Start of Extracted records
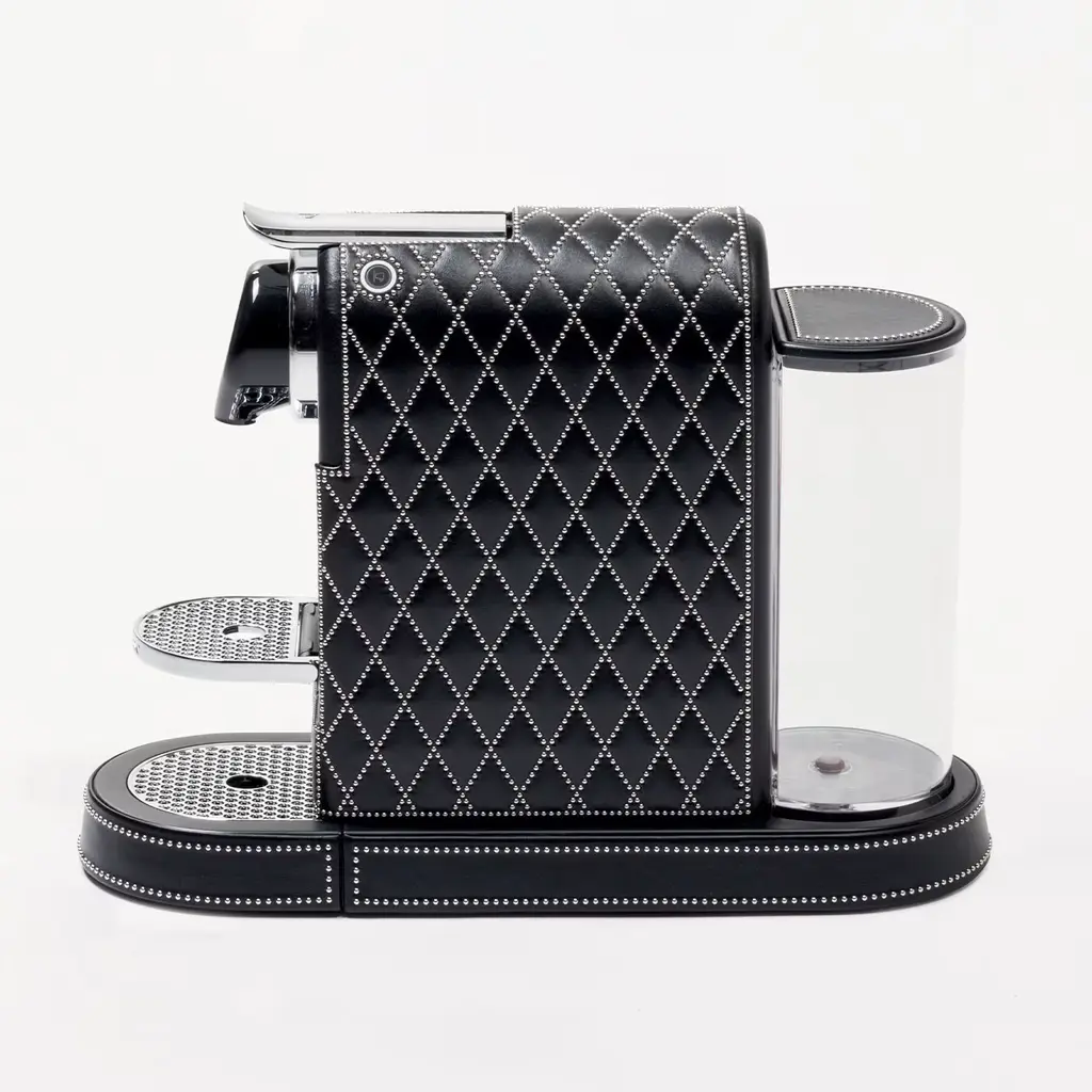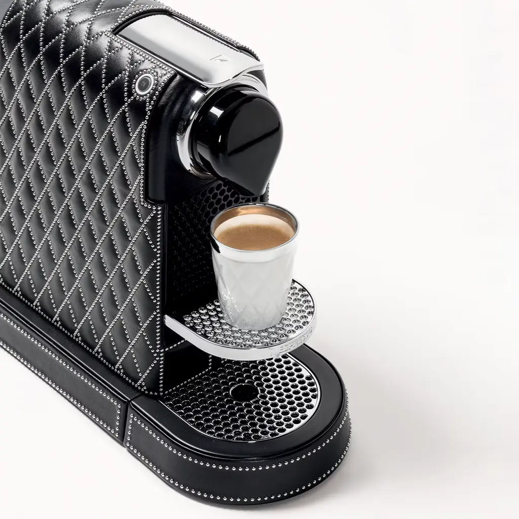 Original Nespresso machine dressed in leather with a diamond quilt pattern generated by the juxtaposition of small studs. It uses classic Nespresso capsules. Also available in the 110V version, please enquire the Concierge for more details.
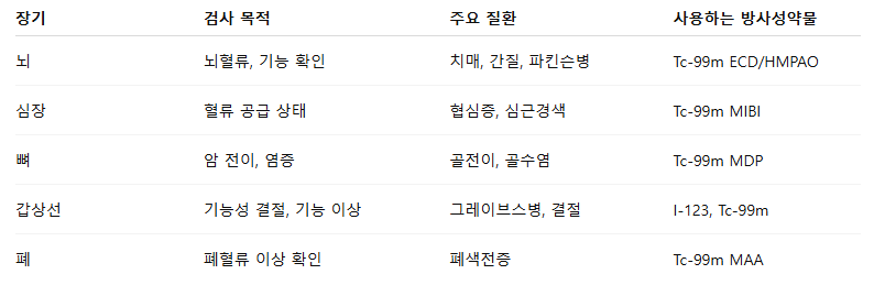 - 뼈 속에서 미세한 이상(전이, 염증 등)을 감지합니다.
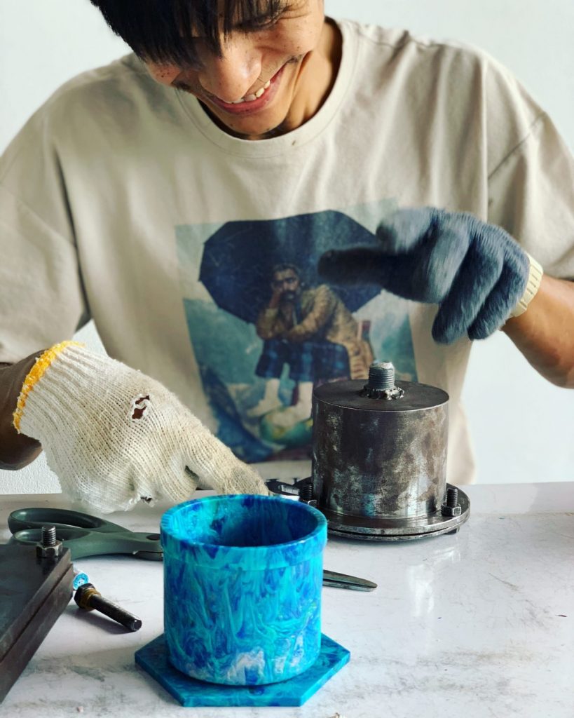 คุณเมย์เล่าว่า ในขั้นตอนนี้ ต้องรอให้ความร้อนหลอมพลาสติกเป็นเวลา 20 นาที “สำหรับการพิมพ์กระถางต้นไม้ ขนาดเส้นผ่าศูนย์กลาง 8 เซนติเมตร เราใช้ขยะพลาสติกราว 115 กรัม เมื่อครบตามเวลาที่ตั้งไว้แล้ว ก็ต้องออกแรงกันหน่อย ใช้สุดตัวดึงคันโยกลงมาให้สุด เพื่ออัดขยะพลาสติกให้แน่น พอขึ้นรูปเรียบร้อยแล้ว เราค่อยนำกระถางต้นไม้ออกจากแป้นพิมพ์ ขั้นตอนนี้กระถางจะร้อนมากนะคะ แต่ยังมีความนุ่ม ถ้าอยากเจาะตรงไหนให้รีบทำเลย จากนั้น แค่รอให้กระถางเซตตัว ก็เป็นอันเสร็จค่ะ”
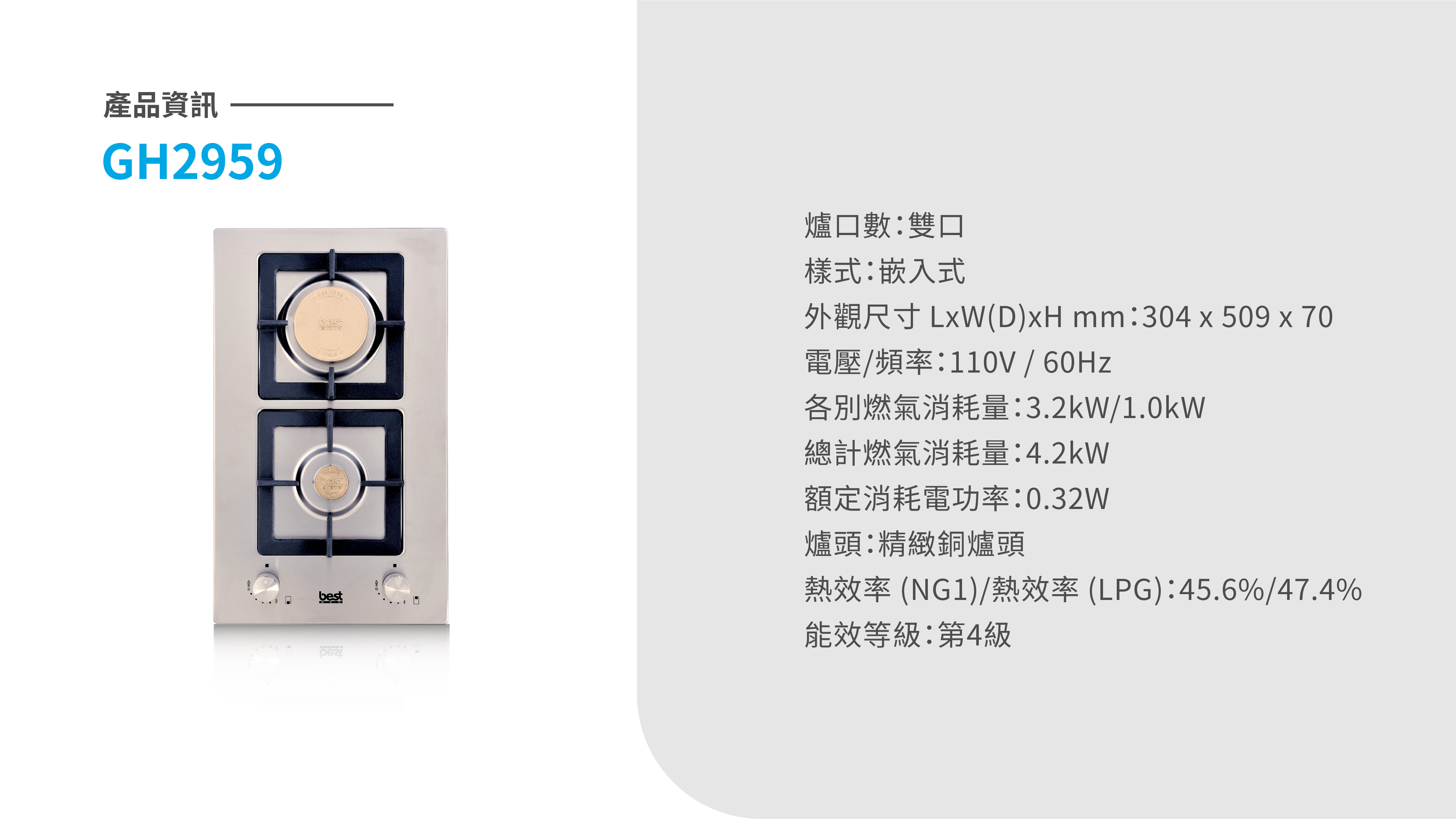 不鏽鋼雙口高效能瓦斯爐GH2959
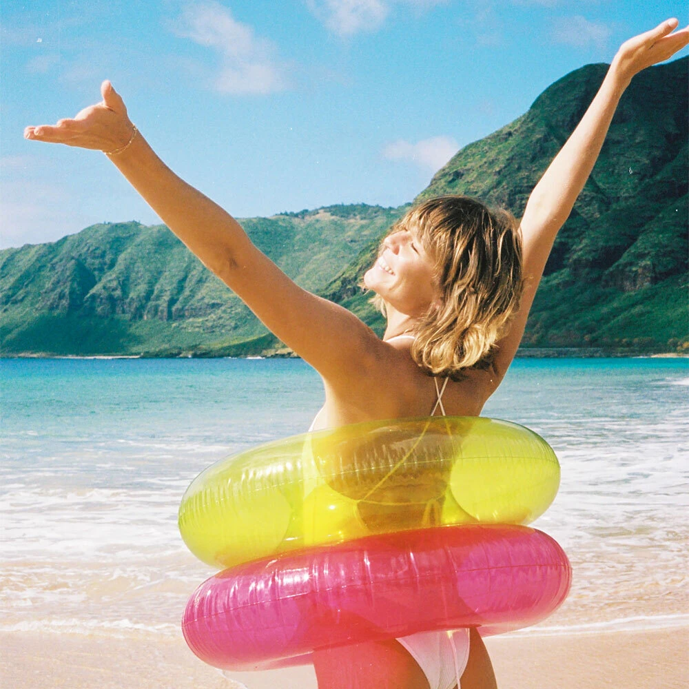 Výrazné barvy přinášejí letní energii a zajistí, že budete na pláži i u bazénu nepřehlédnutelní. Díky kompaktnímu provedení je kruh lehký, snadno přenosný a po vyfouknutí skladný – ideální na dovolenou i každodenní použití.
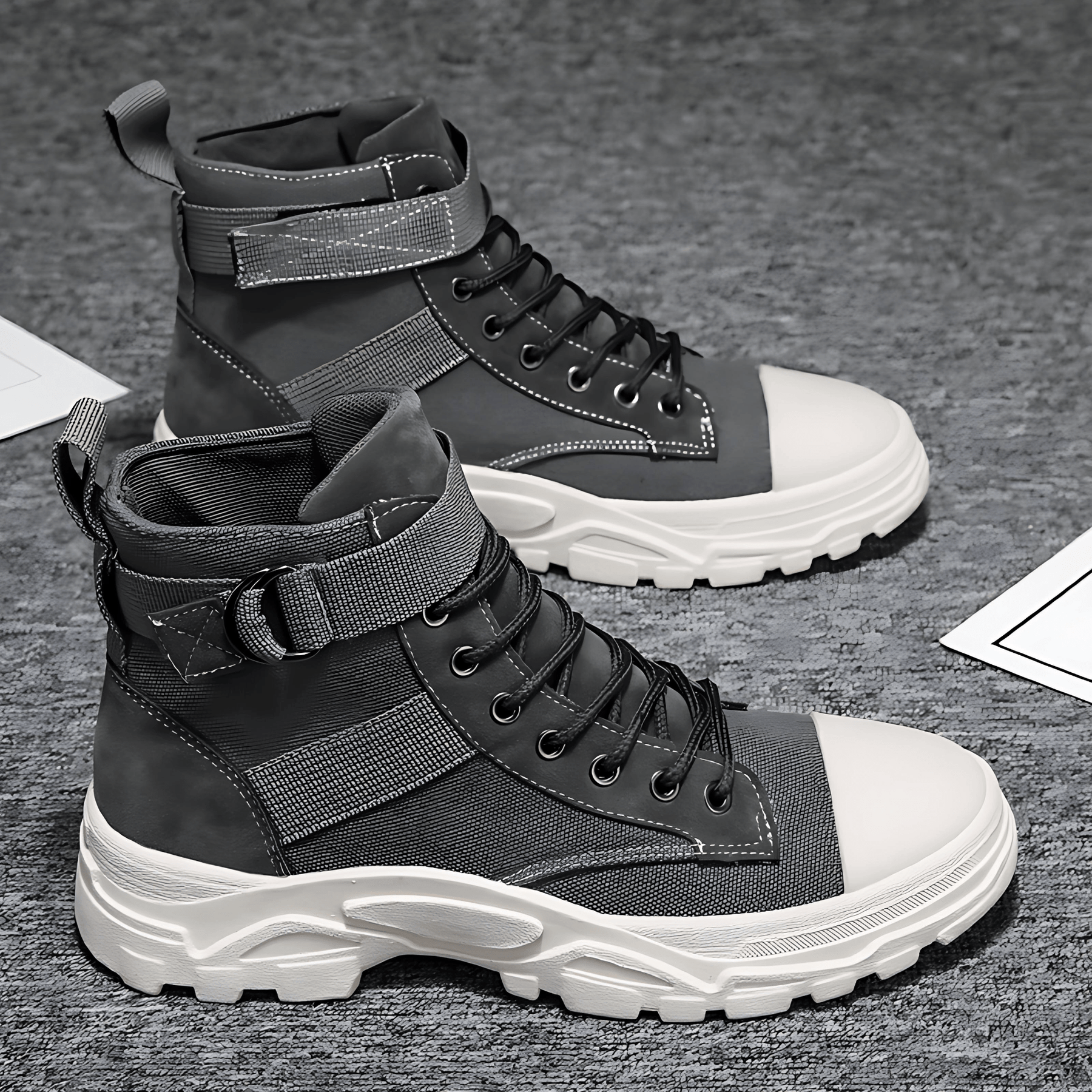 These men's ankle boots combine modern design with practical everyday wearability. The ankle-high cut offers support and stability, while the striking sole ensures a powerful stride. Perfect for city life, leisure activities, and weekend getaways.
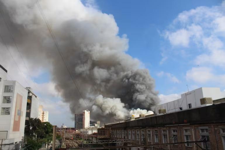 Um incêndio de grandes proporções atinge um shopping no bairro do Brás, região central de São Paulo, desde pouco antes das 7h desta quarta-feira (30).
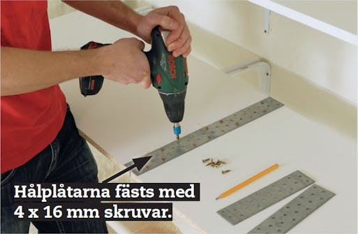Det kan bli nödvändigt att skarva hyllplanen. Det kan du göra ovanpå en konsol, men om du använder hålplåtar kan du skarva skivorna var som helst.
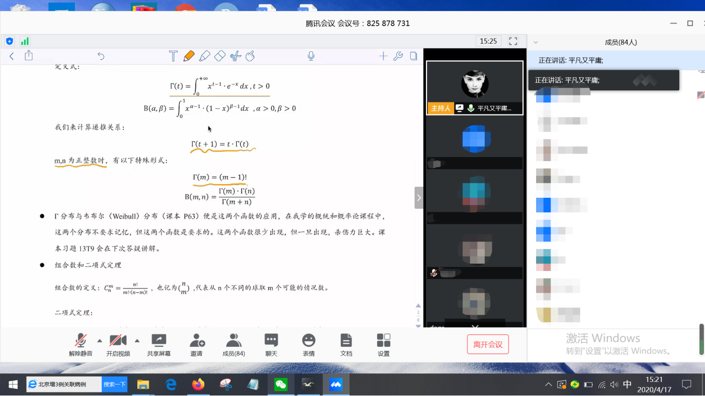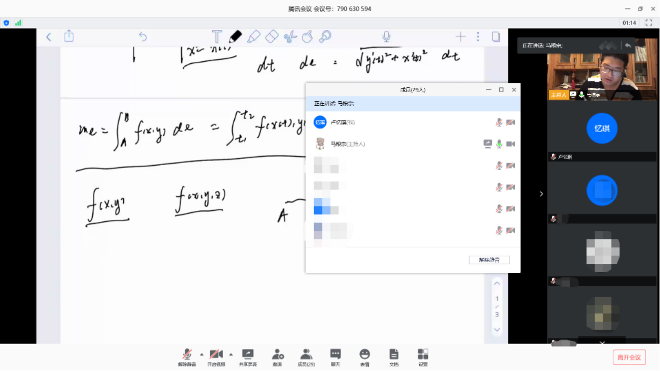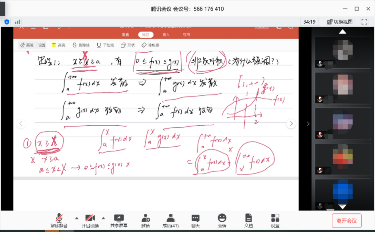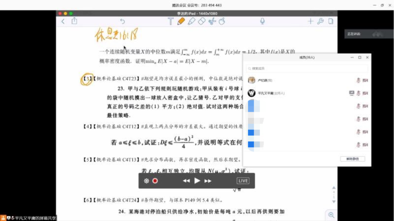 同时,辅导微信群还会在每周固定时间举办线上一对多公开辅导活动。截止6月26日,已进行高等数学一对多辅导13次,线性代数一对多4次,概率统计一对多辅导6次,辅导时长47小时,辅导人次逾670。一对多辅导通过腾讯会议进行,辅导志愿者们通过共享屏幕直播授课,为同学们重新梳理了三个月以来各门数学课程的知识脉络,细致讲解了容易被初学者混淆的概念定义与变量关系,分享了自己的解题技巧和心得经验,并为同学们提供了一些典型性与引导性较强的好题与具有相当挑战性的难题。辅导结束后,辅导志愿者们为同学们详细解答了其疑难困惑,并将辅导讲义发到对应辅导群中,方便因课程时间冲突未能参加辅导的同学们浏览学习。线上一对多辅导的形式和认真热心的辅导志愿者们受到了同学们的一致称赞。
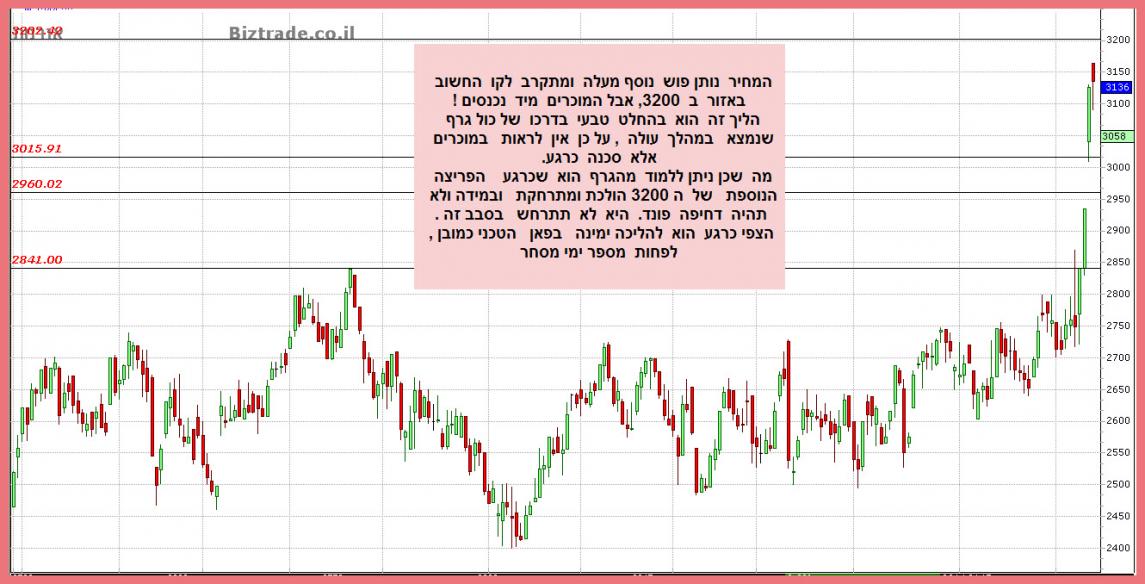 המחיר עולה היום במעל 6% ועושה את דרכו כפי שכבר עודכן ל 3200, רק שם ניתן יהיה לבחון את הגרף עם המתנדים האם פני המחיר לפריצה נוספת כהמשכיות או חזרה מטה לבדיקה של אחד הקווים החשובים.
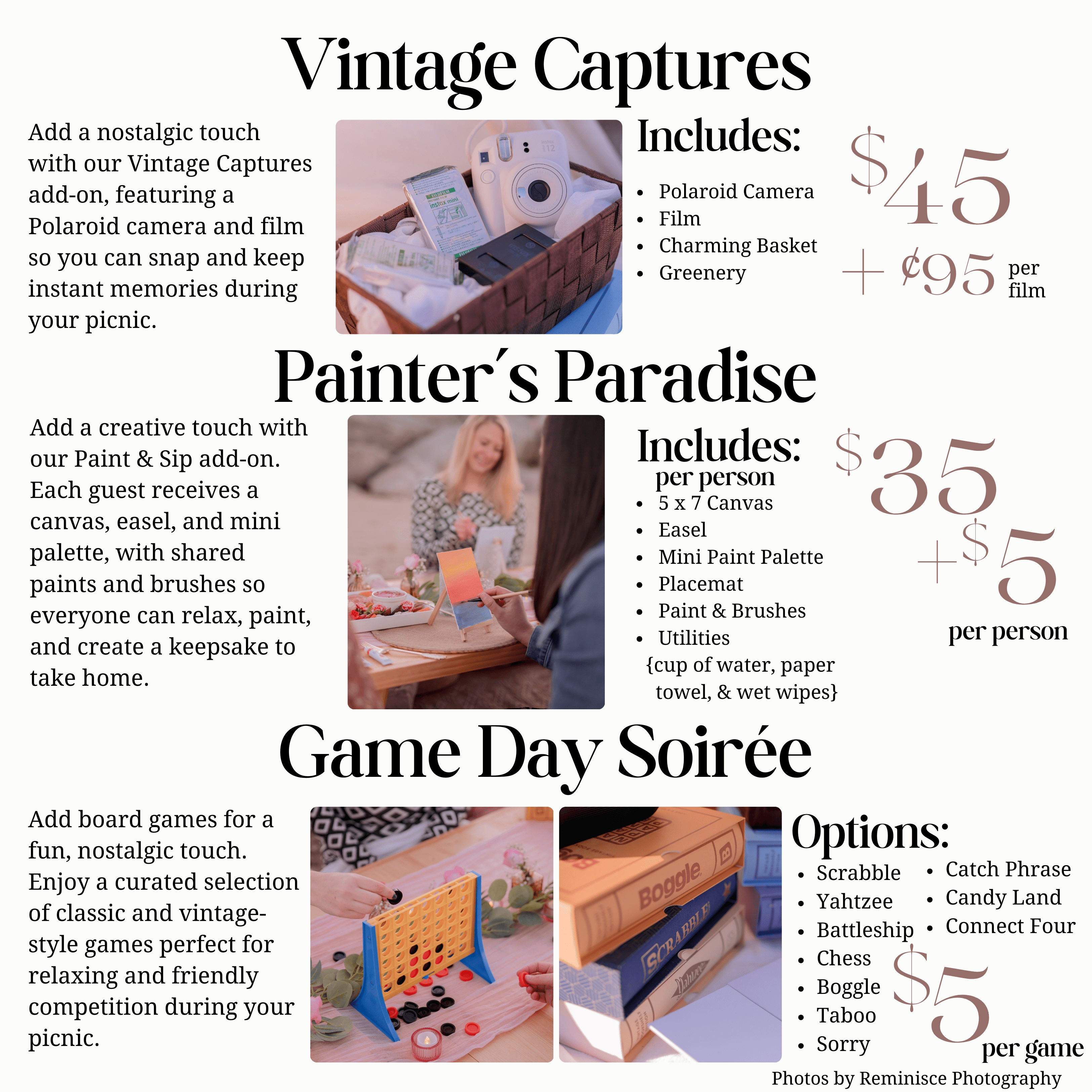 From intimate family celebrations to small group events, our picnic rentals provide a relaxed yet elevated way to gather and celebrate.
End of Extracted records
[To do]
Leave out any pictures, please, and quote only the lines from the top of the data through the line that contains "- 뼈 속에서 미세한 이상(전이, 염증 등)을 감지합니다.".

[Solution]
 Original Nespresso machine dressed in leather with a diamond quilt pattern generated by the juxtaposition of small studs. It uses classic Nespresso capsules. Also available in the 110V version, please enquire the Concierge for more details.
 - 뼈 속에서 미세한 이상(전이, 염증 등)을 감지합니다.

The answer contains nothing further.